The patch scales parallel_tuple_cost by tuple width relative to a
100-byte reference, with a 10% fixed floor for irreducible queue
synchronization overhead:
effective_cost = parallel_tuple_cost *
(0.10 + 0.90 * max(width, 1) / 100)
Width 12 bytes -> factor 0.208 -> effective cost 0.021/tuple
Width 52 bytes -> factor 0.568 -> effective cost 0.057/tuple
Width 100 bytes -> factor 1.000 -> effective cost 0.100/tuple (unchanged)
Width 148 bytes -> factor 1.432 -> effective cost 0.143/tuple
Benchmark 1: Narrow-Output Aggregate (Plan Flip: Serial -> Parallel)
--------------------------------------------------------------------
Table setup:
CREATE TABLE bench_wide AS
SELECT
i AS id,
(i % 5000000) AS group_id,
random() * 1000 AS val1,
random() * 1000 AS val2,
repeat('x', 200) AS padding
FROM generate_series(1, 50000000) i;
VACUUM ANALYZE bench_wide;
50M rows, 12 GB on disk.
5 columns: id int4 (4 bytes), group_id int4 (4 bytes),
val1 float8 (8 bytes), val2 float8 (8 bytes),
padding text (avg 204 bytes).
5M distinct group_id values (10 rows per group).
Source rows are wide (avg ~228 bytes) but the aggregate output is
narrow: group_id + 3 aggregate accumulators = width 52 at Gather.
Query:
SELECT group_id, count(*), sum(val1), avg(val2)
FROM bench_wide
GROUP BY group_id
ORDER BY count(*) DESC
LIMIT 10;
With 4 workers and 5M groups, this produces ~22.5M partial aggregate
rows (width 52) through Gather Merge. The Gather Merge cost
contribution is the decisive factor:
Unpatched: 0.1 * 22.5M = 2,250,000
Patched: 0.1 * 0.568 * 22.5M = 1,278,000 (43% less)
Results:
UNPATCHED — planner chooses serial despite parallel being available:
Limit (cost=6734041..6734041 rows=10 width=28)
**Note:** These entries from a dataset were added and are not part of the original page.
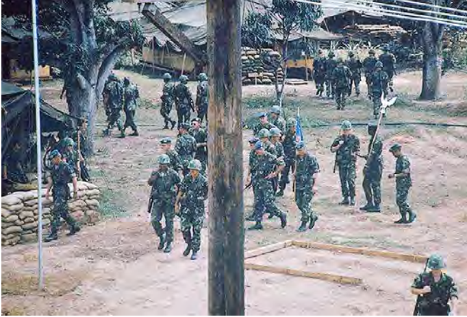
3.18_11 (left): 1041 st SPS(T). 1967. Falcon Guideon.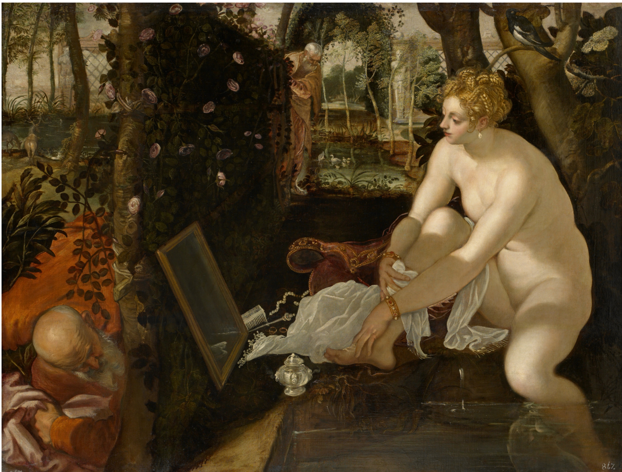
Jacopo Robusti Tintoretto, Susanna and the Elders (1555–1556).

Artworks portraying women often invite the viewer's gaze by including a spectator inside the image itself. 14 In Ways of Seeing , John Berger reflects on two different paintings by Jacopo Tintoretto, both on the biblical subject of "Susannah and the Elders," in which the elders are visible but hidden, watching Susannah bathe. At the same time, Berger points out, we the viewing audience "join the Elders to spy on Susannah." 15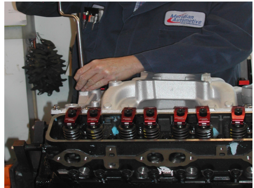
Final Assembly of Engine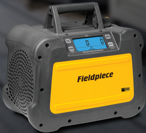
Recovery Machine MR45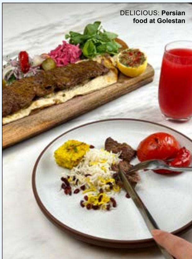
DELICIOUS: Persian food at Golestan

For more information contact 17533533 or 38885409 on WhatsApp.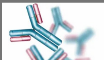
Monoclonal & Polyclonal Antibody Production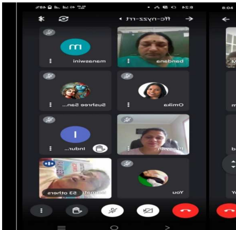
15/04/2023-INTERNATIONAL WEBINAR ORGANISED BY DEPARTMENT OF ECONOMICS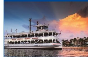
Sightseeing Cruise down the "Venice of America"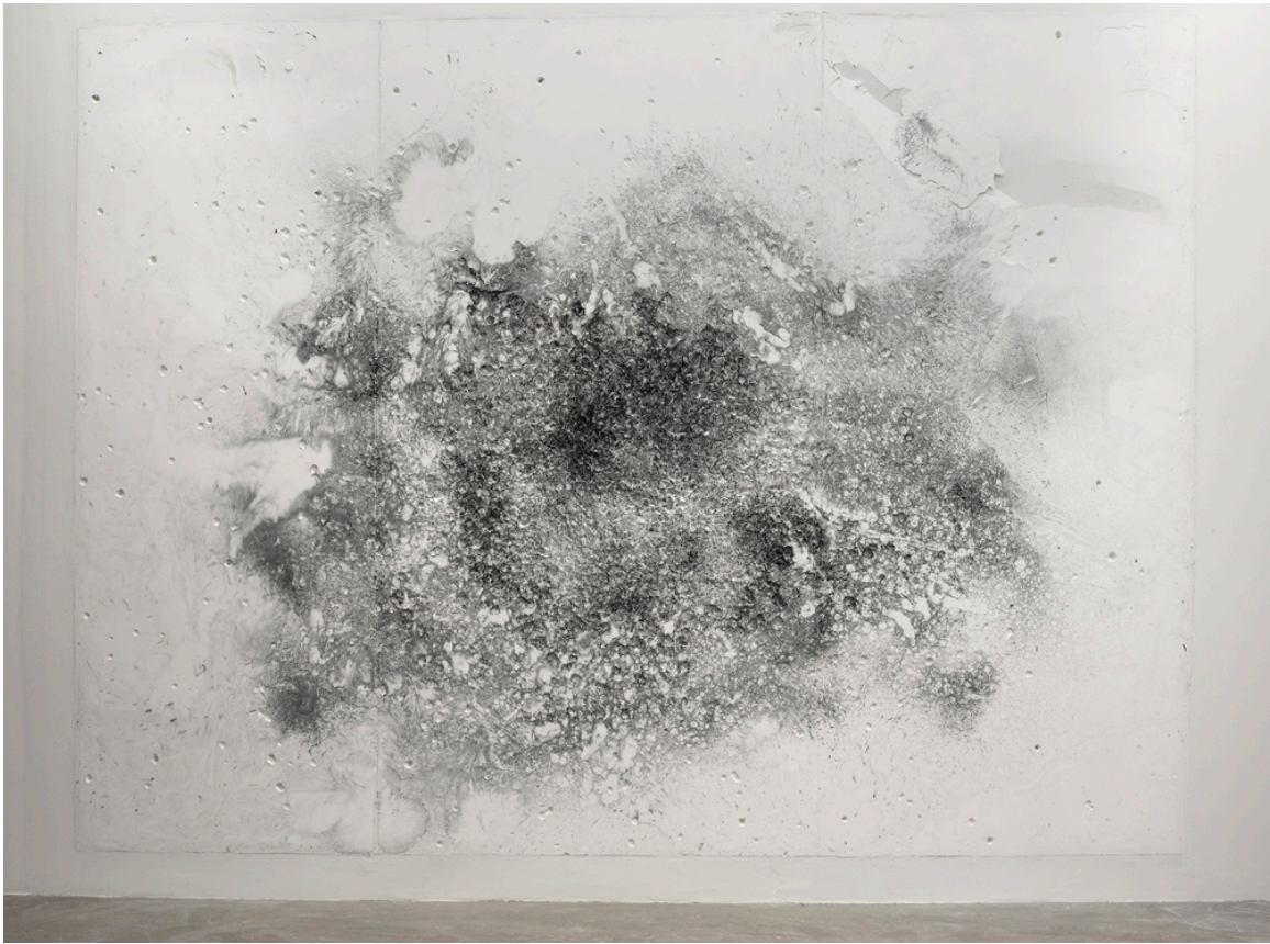
Figure 2: Dispersion Wall , graphite powder and plaster embedded in drywall, 87" x 123", 2012

In Dispersion Wall , I cast plaster over powdered graphite in a large rectangular cavity removed from my studio wall. The drywall was unscrewed from the structural supports, laid face down on the ground, and wet plaster filled the void. The movement of the flicked and poured plaster is recorded in the displacement of the graphite powder, the image infused into the substrate. Working from front to back, the face of the piece becomes obscured by subsequent layers of plaster building up behind it; this makes it a bit like working in the dark, the resulting image a mystery until it is dry, lifted off of the mold and back into its vertical position. In form and function a Rorschach inkblot may most adequately describe

-> Sort (cost=6734041..6748078 rows=5614666 width=28)
-> HashAggregate (cost=5956600..6612710 rows=5614666 width=28)
Group Key: group_id
Planned Partitions: 32
-> Seq Scan on bench_wide (cost=0..2112919 rows=49999100 width=20)
Execution times: 30783ms, 27386ms, 24555ms, 24826ms
Median: ~26s
PATCHED — planner now correctly chooses parallel:
Limit (cost=5753518..5753518 rows=10 width=28)
-> Sort (cost=5753518..5767555 rows=5614666 width=28)
-> Finalize GroupAggregate (cost=3468705..5632187 rows=5614666 width=28)
-> Gather Merge (cost=3468705..5337417 rows=22458664 width=52)
Workers Planned: 4
-> Partial GroupAggregate (cost=3467705..3680099 rows=5614666 width=52)
-> Sort (cost=3467705..3498955 rows=12499775 width=20)
-> Parallel Seq Scan on bench_wide (cost=0..1737926 rows=12499775 width=20)
Execution times: 9197ms, 9675ms, 9056ms, 11078ms
Median: ~9.4s
Verification — unpatched binary, parallel forced with parallel_tuple_cost=0.001:
Same parallel plan structure as patched.
Execution times: 9023ms, 9646ms, 9548ms, 11196ms
Median: ~9.6s
Summary:
Unpatched (serial, planner's choice): ~26s
Patched (parallel, planner's choice): ~9.4s
Speedup: 2.7x
The parallel plan is genuinely faster. The unpatched planner refused
to pick it because the flat 0.1/tuple * 22.5M rows = 2.25M Gather
cost made the parallel total (5.75M) appear close to the serial total
(6.73M), and the serial plan avoided the Finalize GroupAggregate
overhead. With width adjustment, the Gather cost drops to 1.28M,
making the parallel plan clearly cheaper.
Benchmark 2: Wide-Output Aggregate (No Regression)
---------------------------------------------------
Table setup:
CREATE TABLE bench_narrow AS
SELECT
i AS id,
(i % 500000) AS group_id,
(random() * 1000)::numeric(10,2) AS val1,
(random() * 1000)::numeric(10,2) AS val2,
(random() * 1000)::numeric(10,2) AS val3,
(random() * 1000)::numeric(10,2) AS val4,
(random() * 1000)::numeric(10,2) AS val5,
(random() * 1000)::numeric(10,2) AS val6,
(random() * 1000)::numeric(10,2) AS val7,
(random() * 1000)::numeric(10,2) AS val8
FROM generate_series(1, 20000000) i;
VACUUM ANALYZE bench_narrow;
20M rows, 1776 MB on disk.
10 columns: id int4 (4 bytes), group_id int4 (4 bytes),
val1..val8 numeric(10,2) (avg 6 bytes each).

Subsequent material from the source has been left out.